Caldwell credited that success in part to the focus on the system as “software enabled,” so that improvements can be made rapidly.
“We’ve been able to evolve the technology over time,” Caldwell said. “So that first GPS III that we launched in December 2018 … we’ve evolved that product line along the way. … We’re constantly upgrading the software and how it operates to deliver performance. It’s modular, so we can constantly pull in the latest technology to make sure that it’s resilient.” Since that December 2018 launch, four more of Lockheed’s GPS III satellites have gone into orbit. Three more have been declared available for launch. At the same time, the contractor has developed a ground control software update that is helping to operationalize the ultra-secure and jam-resistant M-code signal.
But at a certain point, GPS has become almost too successful, Thompson noted to lawmakers, saying “it is perhaps fair to say that we’ve come to rely on it solely and exclusively and too heavily.”
Both China and Russia have tested antisatellite weapons in recent years, creating new urgency in the Pentagon to develop a resilient space architecture. And while much of that resiliency talk has focused on the Space Development Agency’s data-transport and missile-tracking constellations, PNT has gotten some attention, too.
The Air Force Research Laboratory is on the verge of launching the third Navigation Technology Satellite, or NTS-3, in 2023. One of the Air Force’s first PNT demonstrations in decades, it is also slated to become a program of record. The satellite will help AFRL test “advanced techniques and technologies to detect and mitigate interference to PNT capabilities and increase system resiliency,” according to the lab’s website.

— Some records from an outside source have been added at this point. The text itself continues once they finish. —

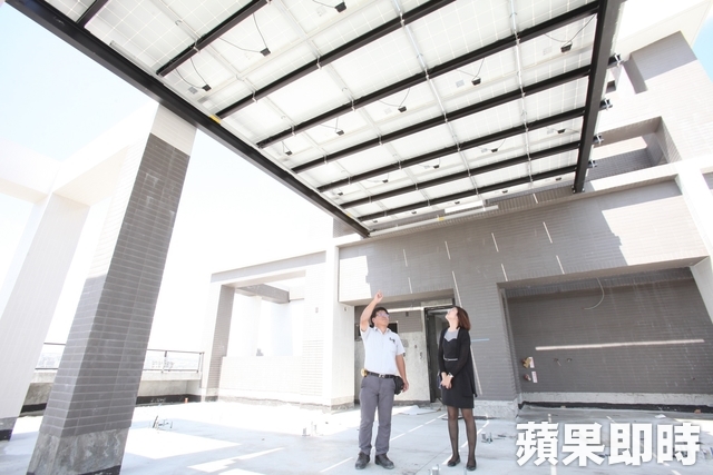 頂樓配備太陽能發電,未來可回售台電作為社區基金,為市場少見作法。陳恒芳攝
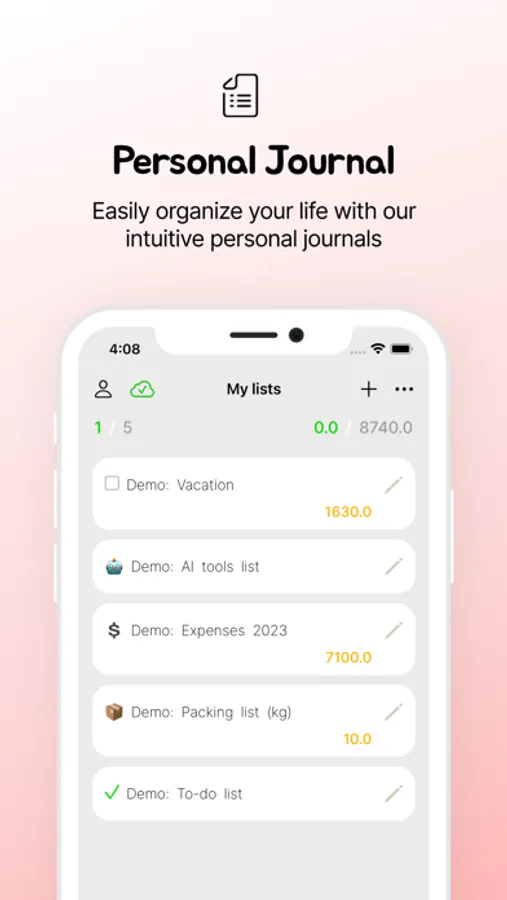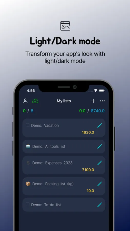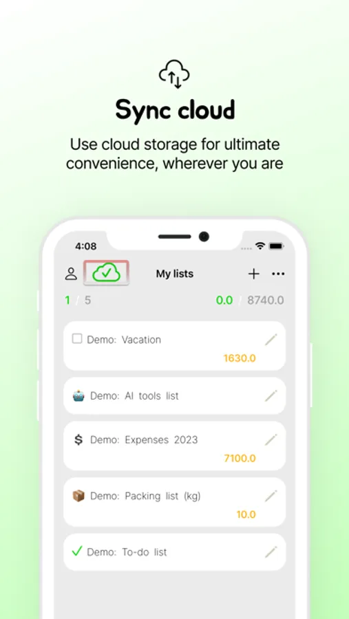 The app syncs your data with the cloud, and you can access your lists anywhere.
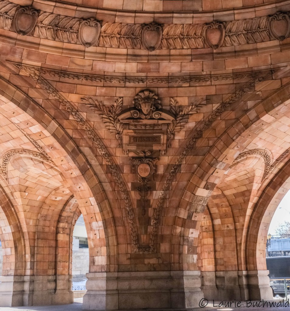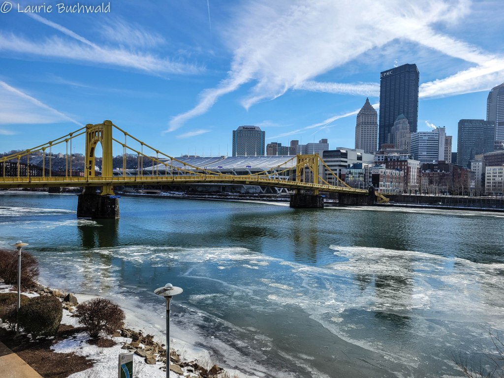We woke to a temperature of 5°F but it had warmed up to a walkable 15°F by the time we set out to explore. As you can see, the Allegheny River was iced over next to the shoreline. The City of Pittsburgh has created the Three Rivers Heritage Trail which is a multi‑use riverfront trail system. The “33‑mile nonlinear trail has segments on both banks of Pittsburgh’s three rivers with access to city neighborhoods, business districts, and local attractions”. The sun was shining brightly and once my fingertips adjusted to the freezing temps, we thoroughly enjoyed our time along the river.

The Air Force is not alone in paying more attention to PNT. Thompson noted in May that the Army is actually leading the way on that front, with the Navy and Air Force following closely, and Caldwell told Air Force Magazine that other countries’ militaries have also been looking into the issue for some time now.
“The Australians have been enormously interested in the future for something like PNT augmentations,” Caldwell said. “So you get precise, we call it precision pointing—you get an augmented system. And they’ve invested heavily with us in a testbed.”
The United Kingdom is another country that is considering how it might rethink PNT, Caldwell said, sparked in part by the country’s departure from the European Union and corresponding departure from Europe’s GPS alternative, Galileo.
Indeed, during the Farnborough airshow, the British government announced that later this year, it will be launching a satellite that will provide “an innovative new signal … to provide data from space that can be used on the ground to obtain a position or an accurate time.”
And despite its heavy involvement in the GPS program, Lockheed Martin is eager to partner with other companies or governments interested in further developing the future of PNT, Caldwell said.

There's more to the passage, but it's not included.